我有一个BinarySearchTree
,其中有对象,它是我创建的一个类Instance bankaccount,所以基本上它只是一个binarysearchtree,我写了一个方法来获取树并平衡它,出于某种原因打印准确地找出平衡前的树:
现在,首先我有一个createList
方法,该方法接收一个列表和一个tree(one node)
并通过按顺序遍历它来创建树数据的arrayList(DynamicArray)
,因此它是一个排序数组。
然后使用另一种方法以平衡的方式创建树,方法是使数组的中间元素成为根,然后使左中间为左子树的根,而右中间为右子树的根
import java.util.Comparator;
import java.util.Iterator;
public class BankAccountsBinarySearchTree extends BinarySearchTree<BankAccount>{
public BankAccountsBinarySearchTree(Comparator<BankAccount> myComparator) {
super(myComparator);
}
//Complete the following method
public void balance(){
// create a sorted list and a binary tree
List<BankAccount> list = new DynamicArray<BankAccount>();
BankAccountsBinarySearchTree tree = new BankAccountsBinarySearchTree(comparator);
createList(tree.root, (DynamicArray<BankAccount>) list);
// build balanced tree recursively
buildBalancedTree(tree, list, 0, list.size()-1);
}
//Complete the following method
private void buildBalancedTree(BankAccountsBinarySearchTree tree, List<BankAccount> list, int low, int high){
// base case
if (low > high)
return ;
// Get the middle element and make it root
int mid = (low + high) / 2;
tree.root.data = list.get(mid);
// create left and right subtrees and go on to balance each
BankAccountsBinarySearchTree leftTree = new BankAccountsBinarySearchTree(comparator);
BankAccountsBinarySearchTree rightTree = new BankAccountsBinarySearchTree(comparator);
buildBalancedTree(leftTree, list , low, mid - 1);
buildBalancedTree(rightTree, list, mid + 1, high);
root.left = leftTree.root;
root.right = rightTree.root;
}
// method to create a list with all objects of BankAccountBinarySearchTree in a sorted array because it's in Order.
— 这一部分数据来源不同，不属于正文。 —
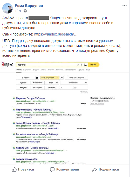 Вчера пользователи рунета обратили внимание, что через поиск «Яндекса» можно получить доступ к приватным документам, которые хранятся в сервисе Google Docs. Если ввести точный поисковый запрос, то можно найти пароли, отчеты и таблицы, которые не были защищены настройками приватности. Руководитель департамента системных решений компании Group IB Антон Фишман отметил ТАСС, что отображение содержания документов не является утечкой конфиденциальных данных, а происходит при использовании определенных настроек конфиденциальности. Отображаются только файлы, к которым сами пользователи установили опцию «общедоступно для поиска и просмотра», рассказал он изданию.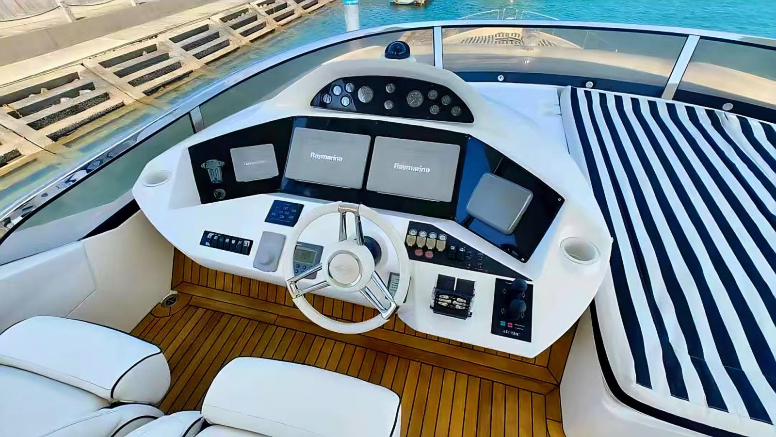 Rudder angle indicator, Electronic engine control, On-Board Computer, Chain counter, Display, Consumption monitor, Plotter with GPS antenna, Control panel, Co-pilot seat.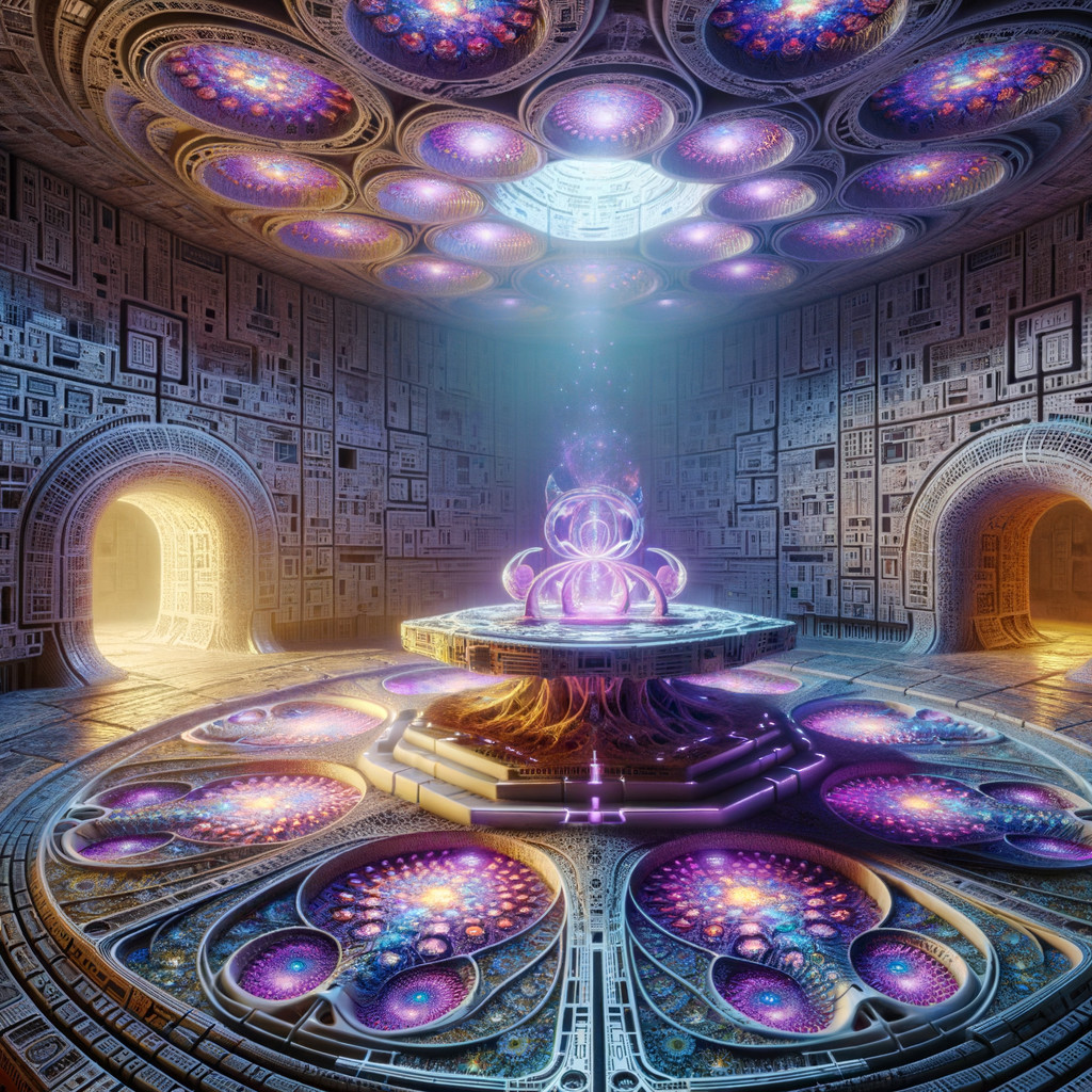 A mystical chamber features a luminous beam of light illuminating a circular table with ornate designs. Graceful cats stand around the table, surrounded by glowing purple patterns on the stone floor.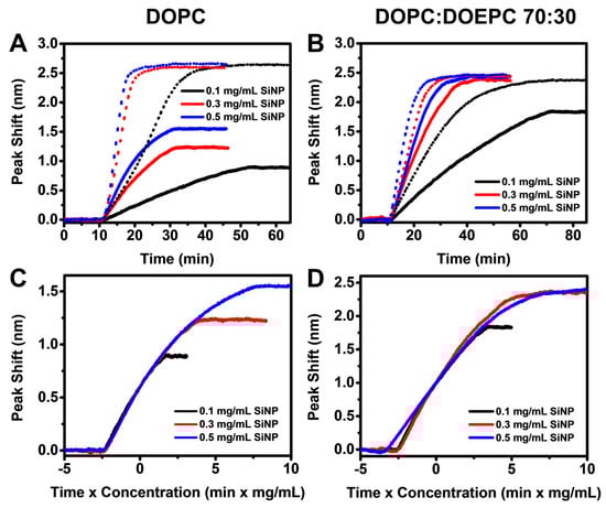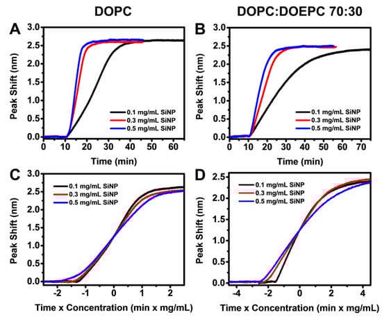 Localized surface plasmon resonance (LSPR) peak shifts as a function of time during the adsorption of silica nanoparticles (SiNP) onto: (A) DOPC; and (B) DOPC:DOEPC 70:30 SLBs. SiNPs were added at t = 10 min under continuous flow. The tested SiNP concentrations were 0.1, 0.3 and 0.5 mg/mL. Normalized responses from: (C) panel A; and (D) panel B scaled according to ct where c is the bulk SiNP concentration and t is time.

private void createList(BinaryNode<BankAccount> root, DynamicArray<BankAccount> list)
{
// Base case
if (root == null)
return;
// Store nodes in Inorder (which is sorted
// order for BST)
createList(root.left, list);
list.add(root.data);
createList((BinarySearchNode) root.right, list);
}
public Iterator<BankAccount> iterator(){
return new FilteredBankAccountsIterator(this);
}
}
如果出于某些原因,我这样做:
Comparator<BankAccount> c = new AccountComparatorByNumber();
BankAccountsBinarySearchTree t3 = new BankAccountsBinarySearchTree(c);
t3.insert(new BankAccount("a", 2, 0));
t3.insert(new BankAccount("a", 1, 0));
t3.insert(new BankAccount("a", 3, 0));
t3.insert(new BankAccount("a", 4, 0));
t3.insert(new BankAccount("a", 5, 0));
t3.insert(new BankAccount("a", 6, 0));
t3.insert(new BankAccount("a", 7, 0));
t3.insert(new BankAccount("a", 8, 0));
System.out.println("----------unbalanced t3:----------\n" + t3);
t3.balance();
System.out.println("\n----------balanced t3:----------\n" + t3 + "\n\n");
首先,它将使用比较器按数字对数组进行排序,因此数组应为{1,2,3,4,5,6,7,8}(这是比较器的工作方式) 然后我希望树是平衡的,但是它保持不变。 知道代码有什么问题吗?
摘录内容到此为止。